Posted Jan 16, 2020 10:48 UTC (Thu) by roc (subscriber, #30627) [Link]

It just means you need to think when you transmit paths to other programs. You will not use Path::display(), instead you will do whatever those other programs require.

By far the most common way to pass a path to a program is on its command line. In Rust you pass a command-line argument by calling Command::arg(...) to add the argument to the command you're building, and Command::arg(...) accepts Paths. Each platform has a standard way to pass arbitrary filenames as command-line parameters, and Rust does what the platform requires.

A few programs accept arbitrary paths as strings on stdin; they need to define how those paths are encoded on stdin. On Linux the program could read null-terminated strings of bytes; then in Rust you would use std::os::unix::ffi::OsStrExt::as_bytes() to extract the raw bytes from a Path and write them to the pipe. That code wouldn't even compile on Windows, which makes sense because a null-terminated string of bytes is not a reasonable way to represent a Windows path. A Windows program accepting paths as strings on stdin needs to define a different encoding, e.g. null-terminated strings of WCHAR, in which case the Rust program would use std::os::windows::ffi::OsStrExt::encode_wide() to produce such strings.

Rust makes it about as easy as possible to reliably pass non-UTF8 strings to other programs.

Szorc: Mercurial's Journey to and Reflections on Python 3

Posted Jan 15, 2020 4:22 UTC (Wed) by NYKevin (subscriber, #129325) [Link] (17 responses)

> Who does that escaping, though? What API would you even use to do it?

repr()?

Szorc: Mercurial's Journey to and Reflections on Python 3

Posted Jan 15, 2020 9:01 UTC (Wed) by roc (subscriber, #30627) [Link] (16 responses)

You probably don't want *every* filename to be quoted, you'd need some wrapper that quotes only "irregular" filenames.

Szorc: Mercurial's Journey to and Reflections on Python 3

Posted Jan 15, 2020 22:25 UTC (Wed) by NYKevin (subscriber, #129325) [Link] (15 responses)

So use one of the other options from https://docs.python.org/3.8/library/codecs.html#error-han...

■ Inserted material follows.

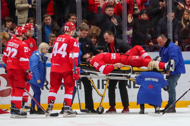Daugaviņš sestdien sērijas trešajā spēlē pret Sanktpēterburgas SKA otrajā trešdaļā guva smagu traumu un laukumu varēja atstāt tikai ar nestuvju palīdzību.

str.encode(..., errors='replace') # Replaces bad chars with U+FFFD.
str.encode(..., errors='ignore') # Silently drops bad chars.
str.encode(..., errors='xmlcharrefreplace') # Replaces with XML &-encoding
str.encode(..., errors='backslashreplace') # Replaces with \u.... syntax.
Or write your own and hook it into the standard system with https://docs.python.org/3.8/library/codecs.html#codecs.re...

Python is, after all, a "batteries included" language. This is a solved problem.

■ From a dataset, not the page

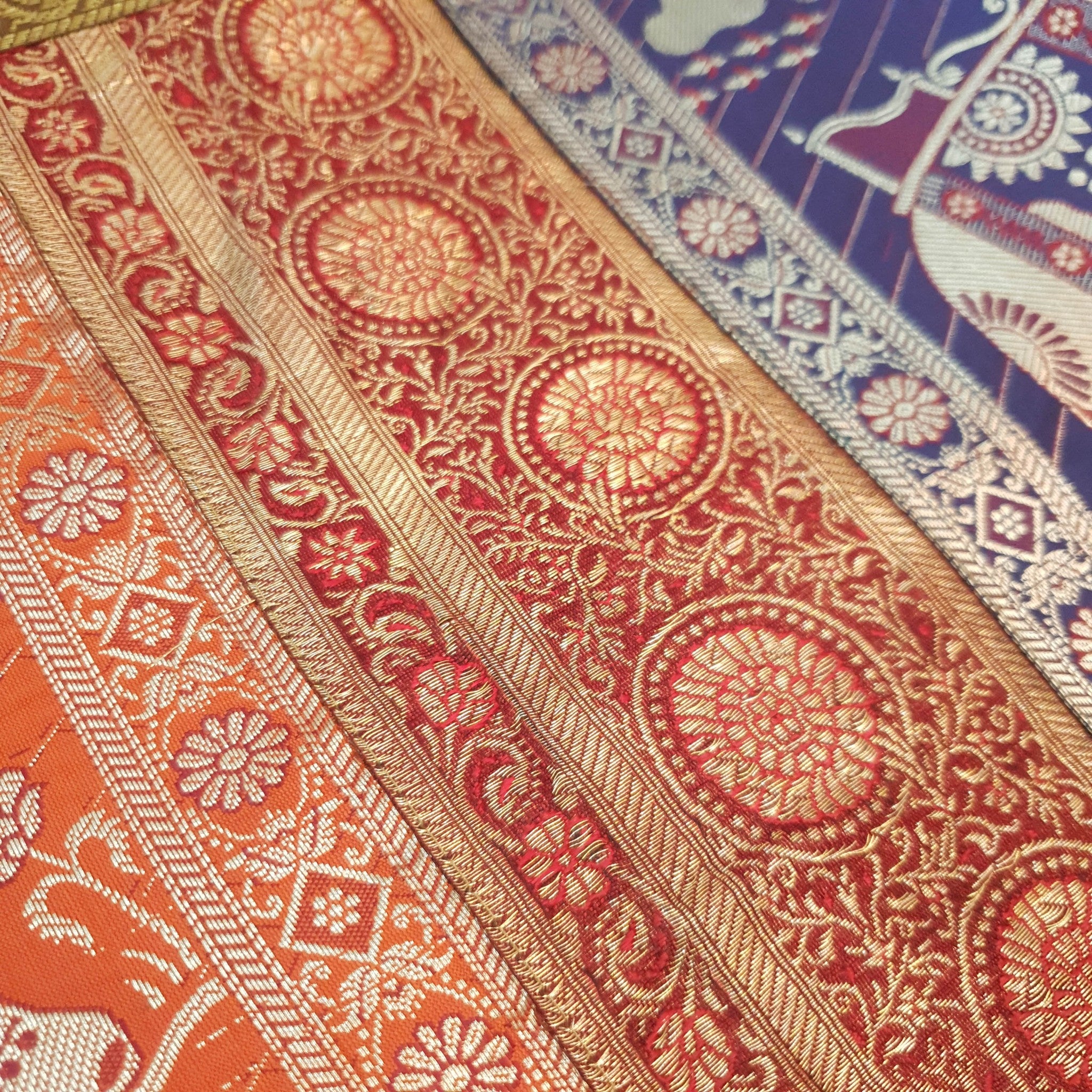 Step into a world of timeless elegance with our exquisite Woven Zari Brocade Banarasi Fabric Table Runner or Wall Tapestry. Crafted with meticulous attention to detail, this piece effortlessly blends tradition with contemporary style, adding a touch of opulence to any space.

Szorc: Mercurial's Journey to and Reflections on Python 3

Posted Jan 15, 2020 23:44 UTC (Wed) by togga (guest, #53103) [Link] (13 responses)

Of which none gives back the original pathname when passed to another program that tries to find the file?

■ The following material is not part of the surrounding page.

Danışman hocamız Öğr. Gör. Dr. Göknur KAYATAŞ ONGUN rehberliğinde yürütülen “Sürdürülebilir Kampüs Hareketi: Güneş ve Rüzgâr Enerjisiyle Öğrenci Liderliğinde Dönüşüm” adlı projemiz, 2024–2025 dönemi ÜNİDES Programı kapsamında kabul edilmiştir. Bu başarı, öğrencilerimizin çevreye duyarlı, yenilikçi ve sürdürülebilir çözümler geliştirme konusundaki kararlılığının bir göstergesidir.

Szorc: Mercurial's Journey to and Reflections on Python 3

Posted Jan 16, 2020 1:17 UTC (Thu) by roc (subscriber, #30627) [Link] (10 responses)

To be fair, that's an unsolvable problem, because there's no way to know how any given program will unescape file names.

Szorc: Mercurial's Journey to and Reflections on Python 3

Posted Jan 16, 2020 9:17 UTC (Thu) by nim-nim (subscriber, #34454) [Link] (6 responses)

It’s only an unsolvable problem if you let your code write malformed filenames.

Defining standard ways to process filenames (text) is the whole point of the unicode standard. Remove standard compliance, and you remove the ability to safely process the result.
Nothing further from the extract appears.